TASK TO COMPLETE:
Leaving out every picture, copy the lines of the material below exactly, from the line containing "And notice too" through the line containing "-71cm San Remo".

RECORD EXTRACTS:
== == ==

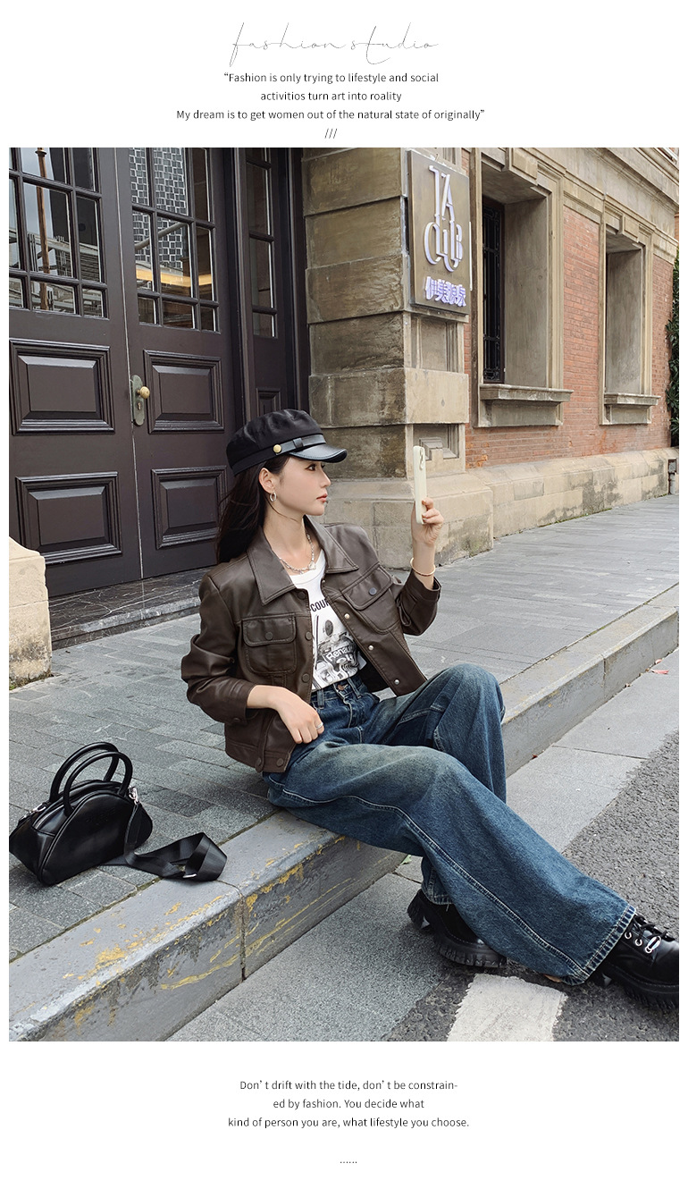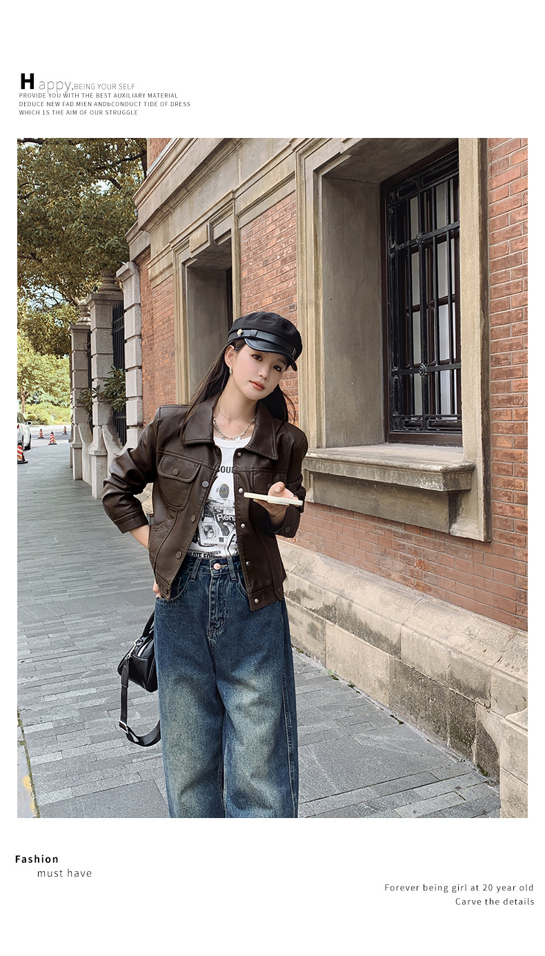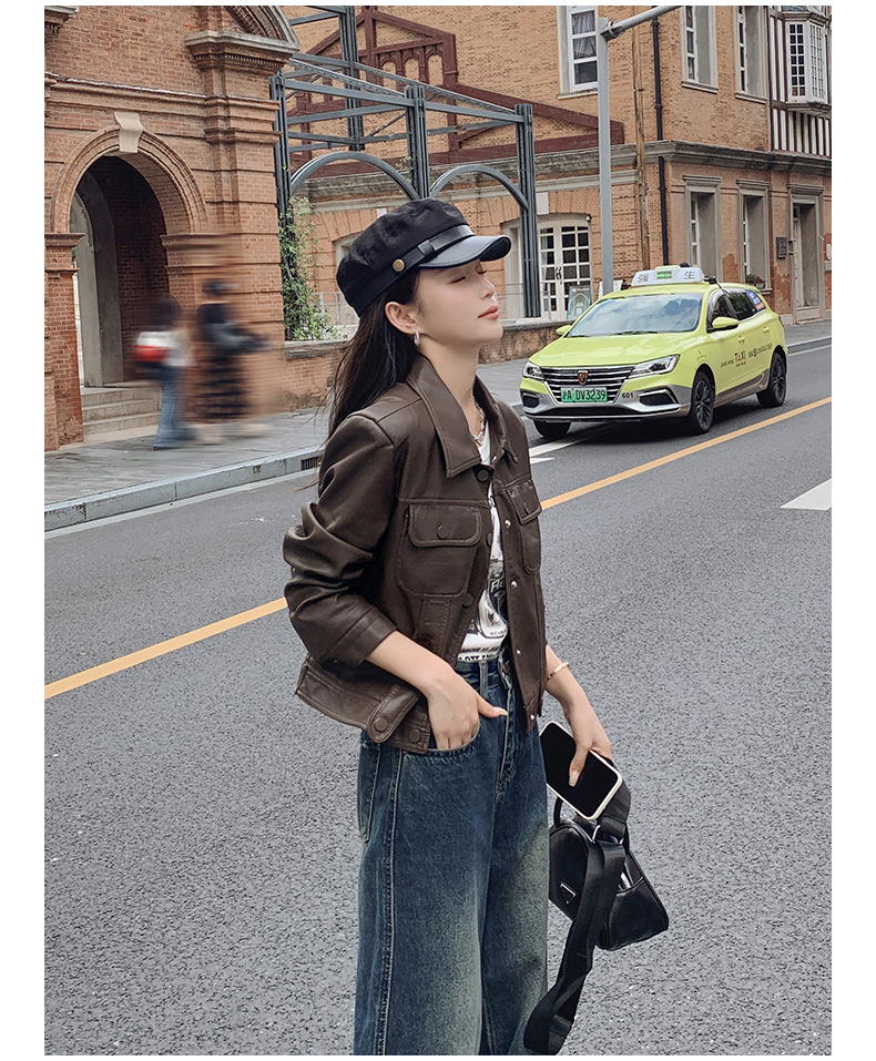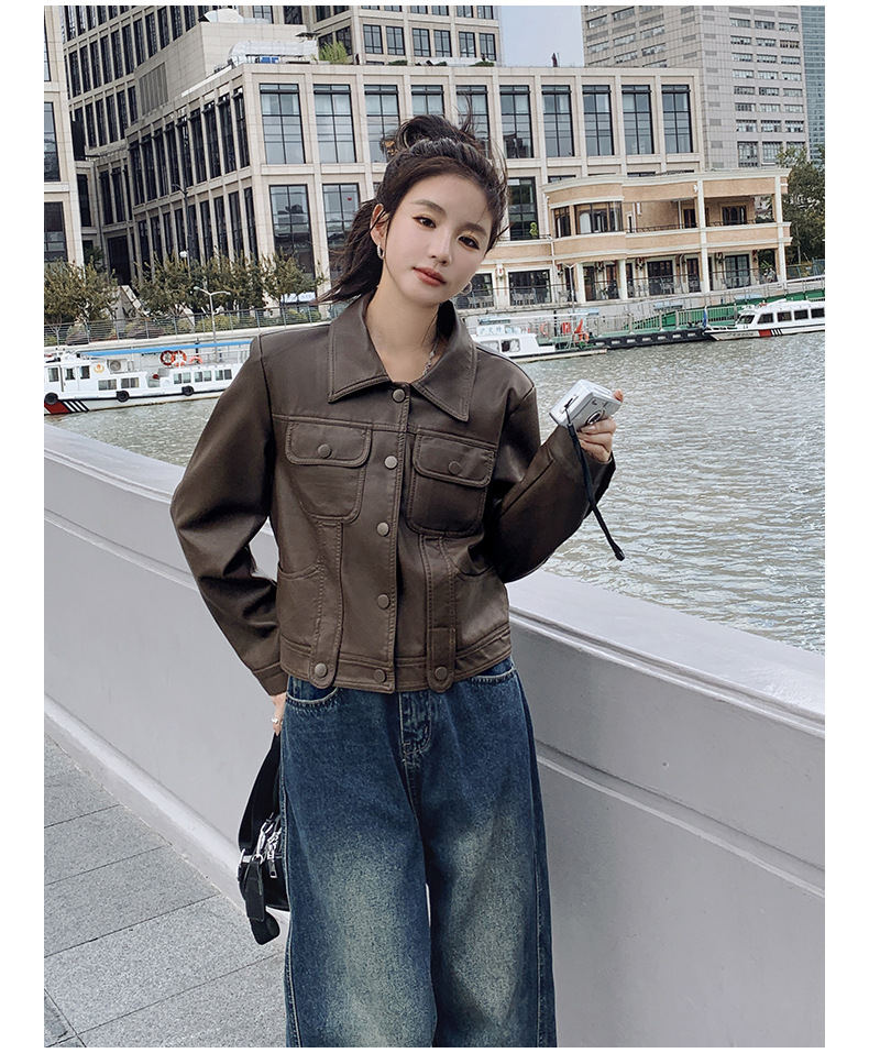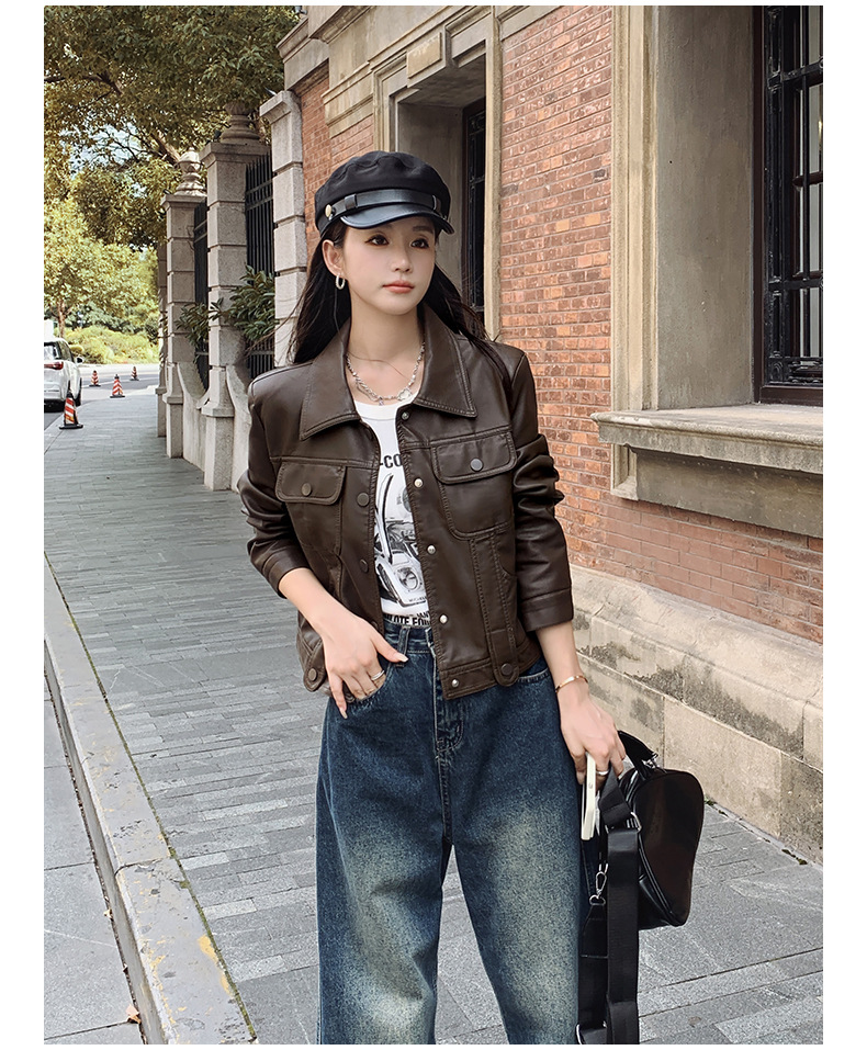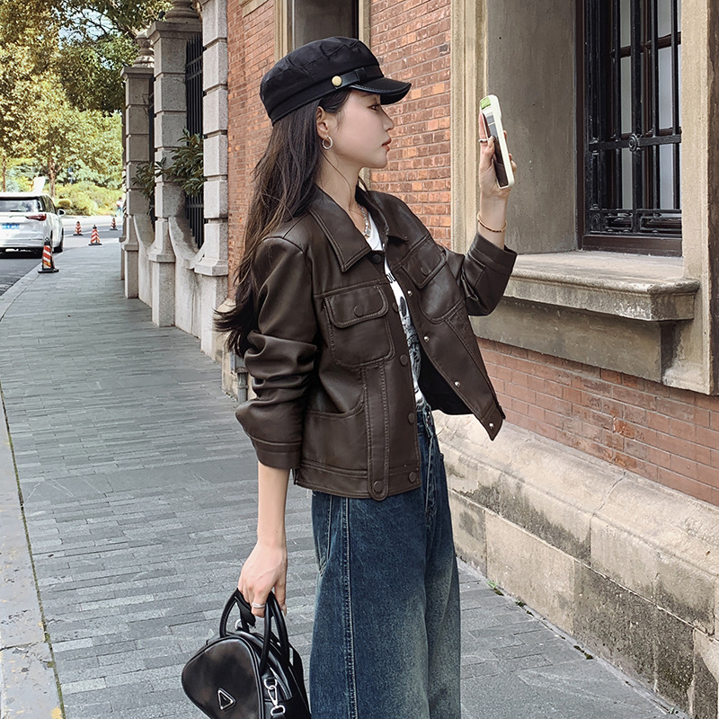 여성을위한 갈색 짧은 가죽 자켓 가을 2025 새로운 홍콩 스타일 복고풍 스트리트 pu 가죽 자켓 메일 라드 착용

== == ==

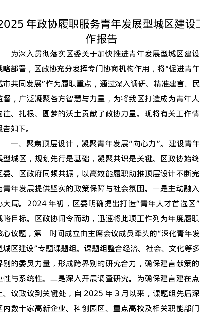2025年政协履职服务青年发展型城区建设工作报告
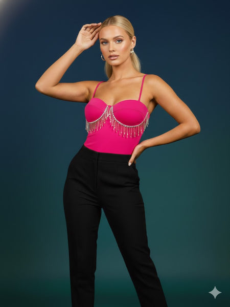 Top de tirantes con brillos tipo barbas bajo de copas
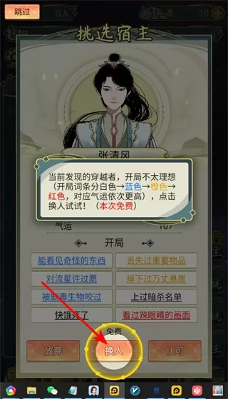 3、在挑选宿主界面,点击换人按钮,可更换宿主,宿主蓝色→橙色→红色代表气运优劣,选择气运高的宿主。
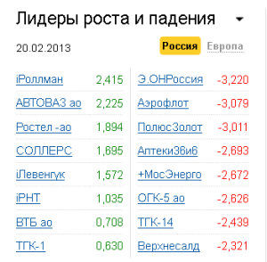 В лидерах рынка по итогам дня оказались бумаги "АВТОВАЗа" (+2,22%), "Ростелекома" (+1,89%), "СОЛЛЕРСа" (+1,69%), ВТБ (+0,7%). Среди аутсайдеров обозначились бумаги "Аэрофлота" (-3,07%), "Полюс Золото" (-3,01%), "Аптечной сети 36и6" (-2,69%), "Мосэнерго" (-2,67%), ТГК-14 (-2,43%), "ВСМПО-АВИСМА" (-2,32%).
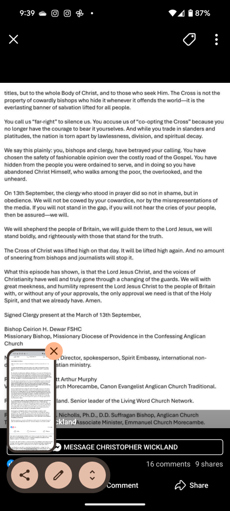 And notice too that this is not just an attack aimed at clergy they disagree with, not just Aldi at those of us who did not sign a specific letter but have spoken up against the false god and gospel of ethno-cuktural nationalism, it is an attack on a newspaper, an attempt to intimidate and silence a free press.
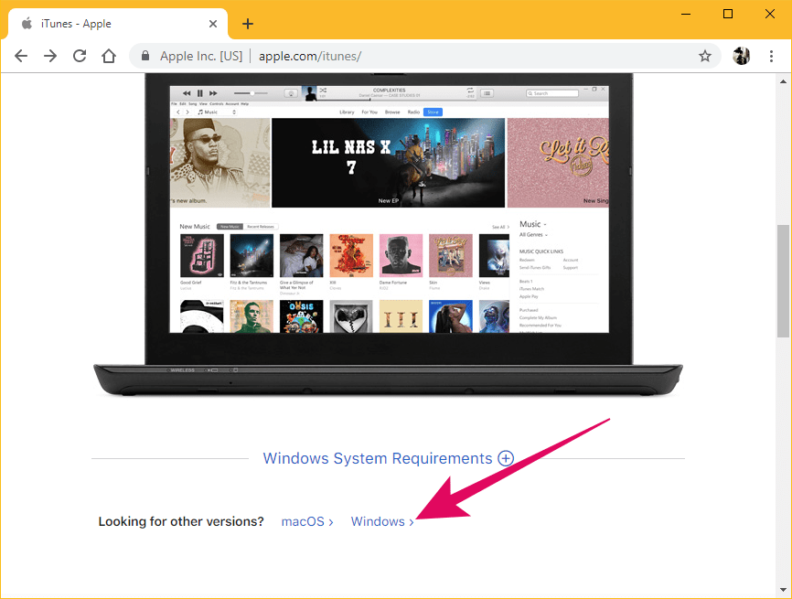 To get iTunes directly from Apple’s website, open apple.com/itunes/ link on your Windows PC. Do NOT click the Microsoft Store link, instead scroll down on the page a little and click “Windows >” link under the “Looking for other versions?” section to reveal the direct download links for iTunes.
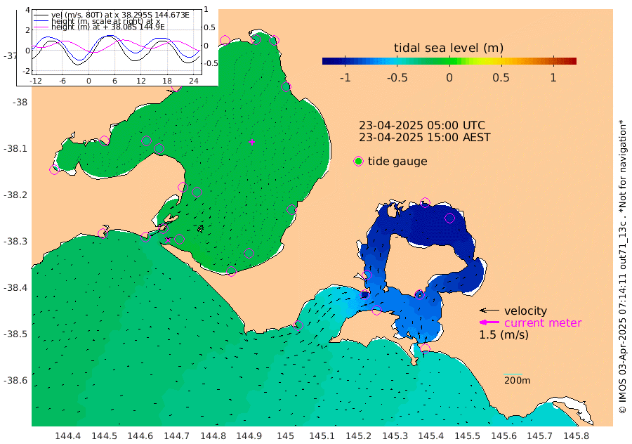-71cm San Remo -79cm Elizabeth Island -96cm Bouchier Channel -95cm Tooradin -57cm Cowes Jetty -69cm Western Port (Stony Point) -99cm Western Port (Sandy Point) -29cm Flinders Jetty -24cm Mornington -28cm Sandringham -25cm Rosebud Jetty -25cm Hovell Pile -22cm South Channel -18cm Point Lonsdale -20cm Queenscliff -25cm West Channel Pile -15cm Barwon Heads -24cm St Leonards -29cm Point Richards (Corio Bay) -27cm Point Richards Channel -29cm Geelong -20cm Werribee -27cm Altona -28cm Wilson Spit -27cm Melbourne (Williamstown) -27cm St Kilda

== == ==

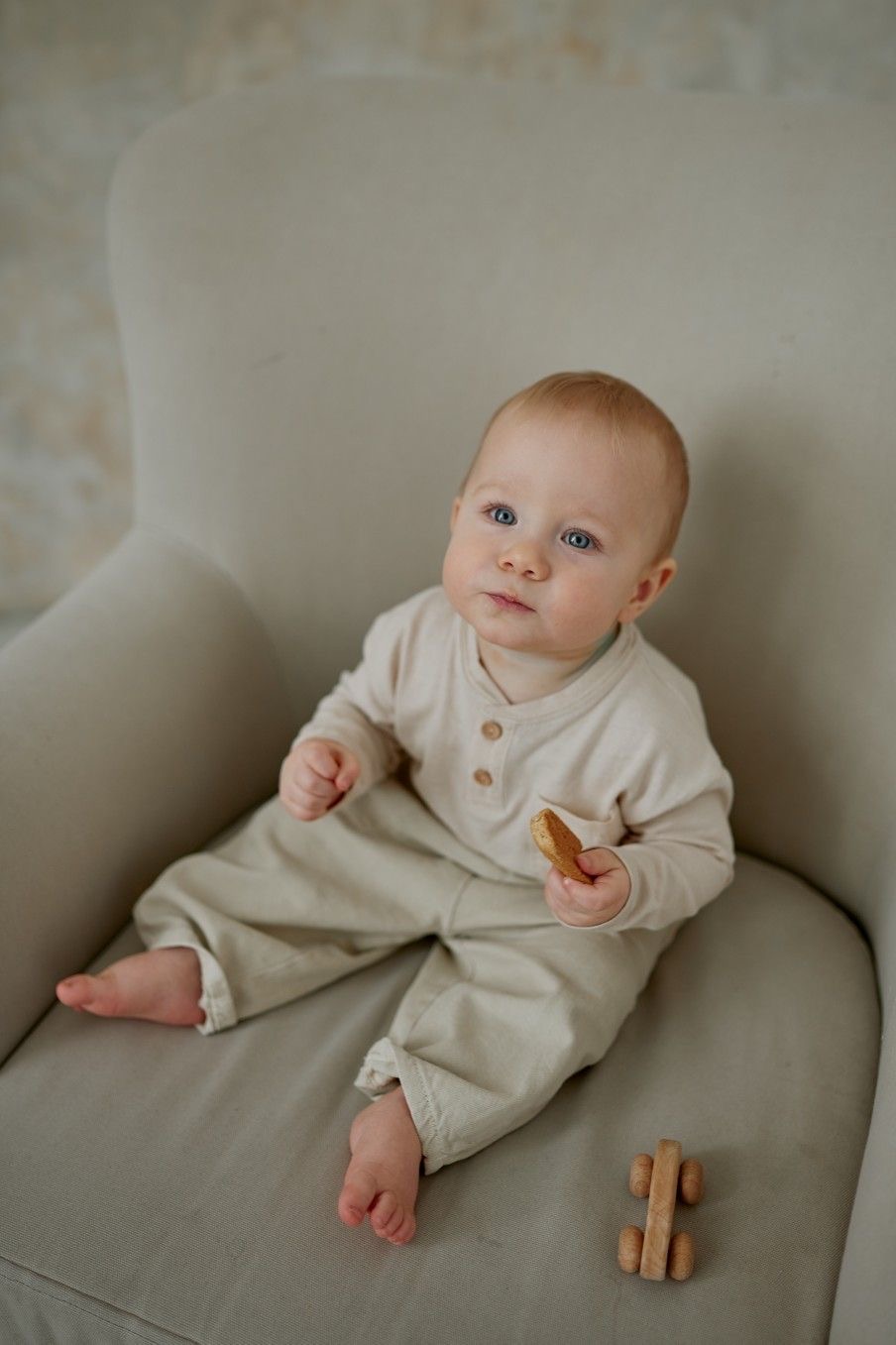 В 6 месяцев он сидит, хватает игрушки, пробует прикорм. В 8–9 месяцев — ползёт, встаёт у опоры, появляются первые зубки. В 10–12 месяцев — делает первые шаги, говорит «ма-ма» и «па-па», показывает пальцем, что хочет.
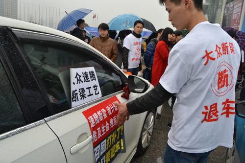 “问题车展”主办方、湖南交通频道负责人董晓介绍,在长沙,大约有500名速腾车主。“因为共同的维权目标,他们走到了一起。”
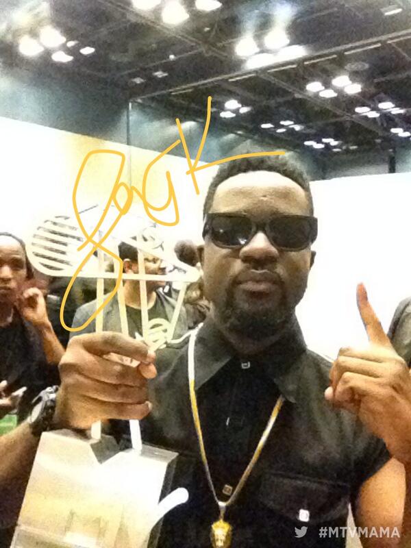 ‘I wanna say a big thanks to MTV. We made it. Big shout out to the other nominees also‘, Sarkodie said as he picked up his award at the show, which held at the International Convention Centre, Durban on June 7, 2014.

== == ==

RESPONSE AREA:
 And notice too that this is not just an attack aimed at clergy they disagree with, not just Aldi at those of us who did not sign a specific letter but have spoken up against the false god and gospel of ethno-cuktural nationalism, it is an attack on a newspaper, an attempt to intimidate and silence a free press.
 To get iTunes directly from Apple’s website, open apple.com/itunes/ link on your Windows PC. Do NOT click the Microsoft Store link, instead scroll down on the page a little and click “Windows >” link under the “Looking for other versions?” section to reveal the direct download links for iTunes.
-71cm San Remo -79cm Elizabeth Island -96cm Bouchier Channel -95cm Tooradin -57cm Cowes Jetty -69cm Western Port (Stony Point) -99cm Western Port (Sandy Point) -29cm Flinders Jetty -24cm Mornington -28cm Sandringham -25cm Rosebud Jetty -25cm Hovell Pile -22cm South Channel -18cm Point Lonsdale -20cm Queenscliff -25cm West Channel Pile -15cm Barwon Heads -24cm St Leonards -29cm Point Richards (Corio Bay) -27cm Point Richards Channel -29cm Geelong -20cm Werribee -27cm Altona -28cm Wilson Spit -27cm Melbourne (Williamstown) -27cm St Kilda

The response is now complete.